Pantoffel-Helden / Auch Struck im Schnäppchenfieber
Der Wochenrückblick mit Hans Heckel

Der erste Wahlkampf des Jahres tobt in Hamburg. SPD-Bürgermeisterkandidat Thomas Mirow lächelt bereits locker von brandneuen Plakaten, während für den christ-demokratischen Amtsinhaber Ole von Beust bislang nur die abgestandenen Schwarzweißbilder aus 2001 vom CDU-Speicher geholt wurden. Auf den Bildern sieht Mirow richtig nett aus, locker - "dynamisch", sagt man wohl.

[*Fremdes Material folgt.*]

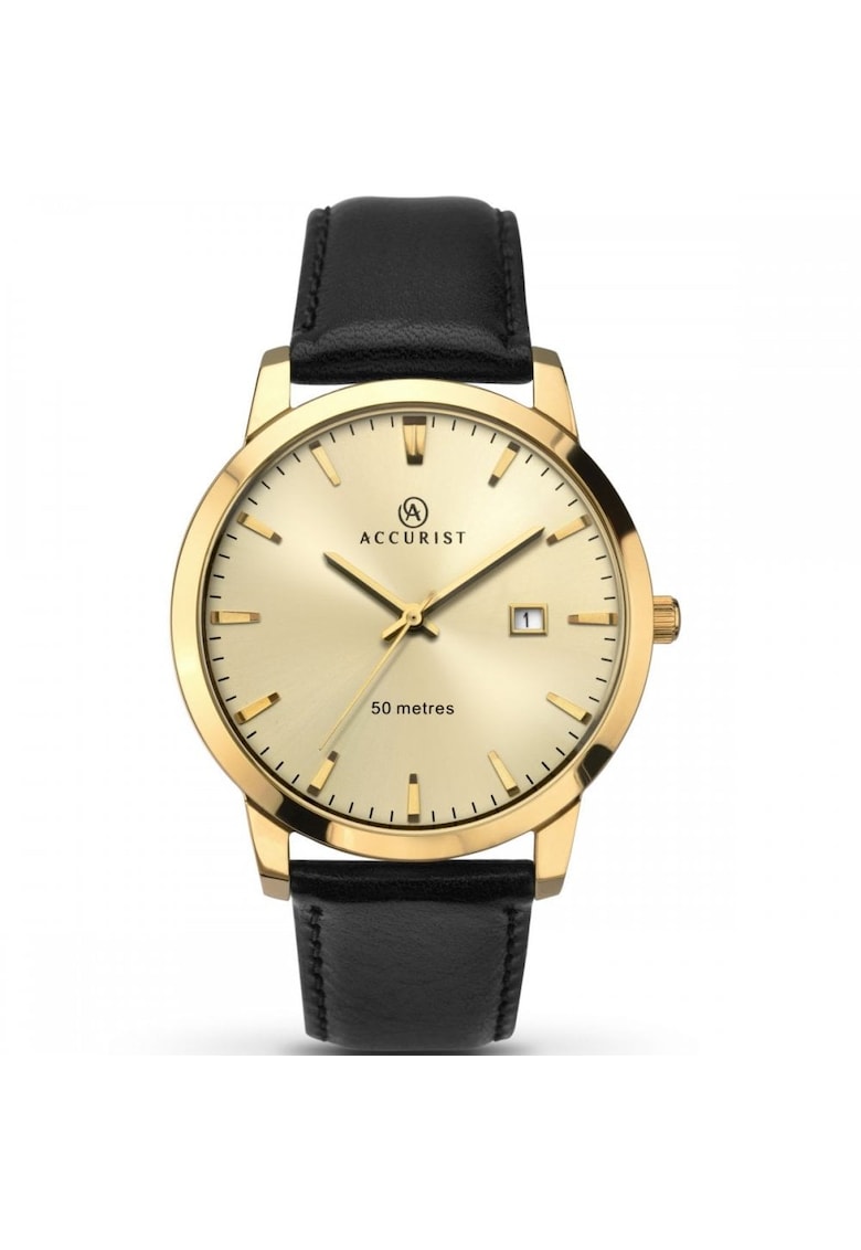 - afisare data Rezistenta la apa: 5 atm Cadran Material geam: cristal mineral Culoare cadran: auriu Culoare indici: auriu Tip citire cadran: linii Carcasa Forma carcasa: rotunda Material carcasa: inox Culoare carcasa: auriu Curea/bratara Material curea/bratara: piele ecologica

Im Straßenkampf mit den Wählern hingegen präsentiert sich ein anderer Mirow: er näselt selbst für die Hanseaten zu gespreizt, wirkt noch schwarzweißer als Beust auf den alten Fotos und weiß eigentlich gar nicht, was er sagen soll, wenn ihm Kamerateams und parteieigene Jubeljusos verdutzte Bürger zuscheuchen. Mirows immergleiches, immerschiefes Lächeln wirkt dabei, als habe ihm sein Wahlkampfleiter für den ungewohnten Gesichtsausdruck eine Spange eingesetzt, die ein wenig verrutscht ist. Die der SPD überwiegend freundlich gesonnenen Medien stutzen: "Wollen die mit Absicht verlieren?" fragt der Spiegel. Vor dem ersten Auftritt des Kandidaten räumten die Demoskopen den Sozialdemokraten immerhin noch gute Siegeschancen ein. Doch mit jedem Mirow-Auftritt in der Öffentlichkeit versinkt die rote Sonne tiefer im Hafenschlick. Zuletzt stand der Sozenpegel bei elenden 31 Prozent.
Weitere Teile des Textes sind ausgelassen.